До отъезда на дачу Шарок узнал неприятную новость: в молчановском и в
других отделах Управления безопасности начались аресты сотрудников. Шароку
это внушало тревогу. Он не забыл, чем кончилось кировское дело - всех
подгребали под метелку - и правых, и виноватых, загребли не только
очевидцев: тех, кто знал об этом деле или слышал краем уха, но и тех, кто
мог догадываться. Свидетелей не оставили. Так будет и дальше. А вот ИНО не
трогают, здесь работа тонкая, специальная, тут акций вроде кировской не
бывает, тут занимаются другим. Так что если не совершать ошибок, здесь
безопаснее. Не потому ли его перевел сюда Ежов?
И вдруг Шарока осенило.
"Приглядитесь" - вот главное, что сказал ему Ежов, - "посмотрите, как
работают старые кадры". Не "старшие товарищи", не "опытные разведчики", а
"старые кадры". Значит: "приглядитесь, как работают старые кадры..." Он
должен кого-то заменить в иностранном отделе, а до этого Ежов потребует от
него отчета о работе "старых кадров". Поэтому так настороженно отнеслись к
нему Слуцкий и Шпигельглас. Естественно, обдумывают предупреждающие шаги.

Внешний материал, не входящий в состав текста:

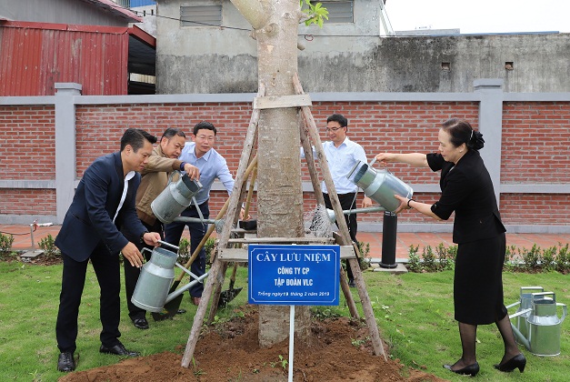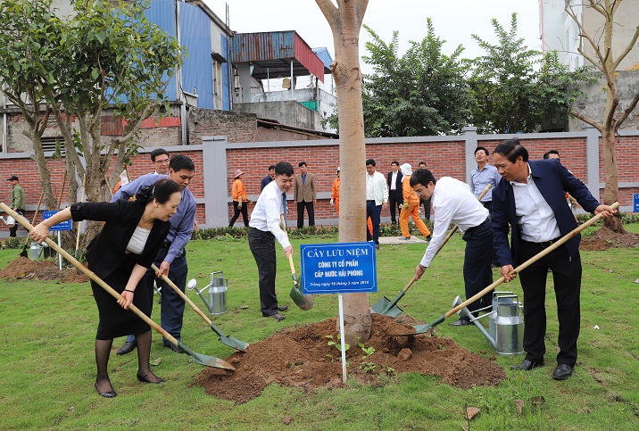 Các đồng chí Lãnh đạo thành phố và doanh nghiệp trồng cây tại khuôn viên Nhà tưởng niệm đồng chí Nguyễn Đức Cảnh

Прежде чем уничтожат их, попытаются уничтожить Шарока. Вот в какой
переплет он попал!..
Ладно, посмотрим! Шарок надвинул шапку, пошел вперед по лыжне.
Так жил он на даче... Изредка звонил домой, якобы из Калуги, где
находился в командировке, справлялся, как старики. Звонил Кале, обещал
скоро вернуться.
Как-то приехал из Управления портной, снял с него мерку, долго возился,
пыхтел.
- Будем шить вам костюм.
Неприятно было только ходить небритым, в зеркале он выглядел
неопрятным, неряшливым, к тому же чесался подбородок. Но со временем
перестал чесаться, через неделю-другую будет настоящая бородка, усы
отросли быстро, густые, мягкие, они даже нравились Шароку. И, конечно, не
хватало Кали. Самое тяжелое.
В середине марта на дачу пришла машина, шофер нашел Шарока:
- Вам приказано собрать вещи и явиться в отдел. Я вас отвезу.

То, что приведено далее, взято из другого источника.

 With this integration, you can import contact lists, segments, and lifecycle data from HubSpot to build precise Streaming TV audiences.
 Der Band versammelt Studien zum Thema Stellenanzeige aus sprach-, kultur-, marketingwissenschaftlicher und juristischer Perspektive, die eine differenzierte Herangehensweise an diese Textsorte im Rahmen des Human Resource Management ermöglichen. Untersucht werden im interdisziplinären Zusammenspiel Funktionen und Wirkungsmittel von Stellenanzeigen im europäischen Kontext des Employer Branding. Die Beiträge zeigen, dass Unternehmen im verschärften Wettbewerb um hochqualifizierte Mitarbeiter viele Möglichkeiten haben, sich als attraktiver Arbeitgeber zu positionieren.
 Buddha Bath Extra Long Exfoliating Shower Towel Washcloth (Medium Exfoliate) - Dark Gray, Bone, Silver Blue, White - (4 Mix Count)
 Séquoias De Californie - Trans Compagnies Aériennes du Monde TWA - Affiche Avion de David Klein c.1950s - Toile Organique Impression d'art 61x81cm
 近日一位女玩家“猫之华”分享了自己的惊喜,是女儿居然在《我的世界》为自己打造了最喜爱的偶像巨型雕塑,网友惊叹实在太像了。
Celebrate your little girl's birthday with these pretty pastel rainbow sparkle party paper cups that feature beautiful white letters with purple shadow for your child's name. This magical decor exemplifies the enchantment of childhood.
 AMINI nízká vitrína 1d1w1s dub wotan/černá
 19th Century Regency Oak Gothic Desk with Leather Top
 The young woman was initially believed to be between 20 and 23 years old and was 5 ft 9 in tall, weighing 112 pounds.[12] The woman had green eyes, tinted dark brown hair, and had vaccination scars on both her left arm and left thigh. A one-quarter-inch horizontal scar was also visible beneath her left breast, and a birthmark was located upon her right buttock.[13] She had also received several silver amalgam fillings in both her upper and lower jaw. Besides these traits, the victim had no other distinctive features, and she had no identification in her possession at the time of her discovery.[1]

Шпигельглас ждал его в своем кабинете. Нажал он на какую-то кнопку или
нет, Шарок не заметил, но в кабинет вошел человек в штатском, как
выяснилось, парикмахер. Также изучающе посмотрел на Шарока, перевел взгляд
на Шпигельгласа, назвал какой-то номер. Шарок не расслышал какой, вынул из
кармана пачку карточек, разложил перед Шпигельгласом, ткнул пальцем в одну
из них.
Шпигельглас склонился над ней, поднял глаза на Шарока.
- Пойдет!
Парикмахер сгреб карточки со стола, опустил в карман.
- Пройдите с товарищем, - сказал Шпигельглас, - он приведет вашу
бородку в порядок.
Встав из кресла в маленькой парикмахерской, Шарок рассматривал себя в
зеркале: красивый блондин лет за тридцать, голубоглазый, причесанный на
косой пробор с русыми необкуренными усами и небольшой аккуратной бородкой.
Так на старых дореволюционных журналах выглядели молодые либеральные
промышленники, адвокаты и модные врачи. Шарок усмехнулся, хоть и состарили
его, но он себе нравился.
Парикмахер тоже остался доволен своей работой и проводил к портному -
полному, гладкому, представительному поляку, уже приезжавшему к Шароку на
дачу. Костюм Шарока был сметан, Шарок надел его, портной провел кое-где
мелком, где-то заколол булавками. Снимая пиджак, сказал:
- Послезавтра будет готово.
Вид Шарока как будто удовлетворил Шпигельгласа.
- Когда портной вам выдаст экипировку, включая обувь и очки, вас
сфотографируют. Теперь вот что...
Он выдвинул ящик стола, вынул папку, положил ее на стол, перелистал,
закрыл, пододвинул к Шароку.
- Это дело наших агентов в РОВС. Я сейчас уезжаю. Вы останетесь в моем
кабинете и прочитаете эти материалы. На телефонные звонки не отвечайте.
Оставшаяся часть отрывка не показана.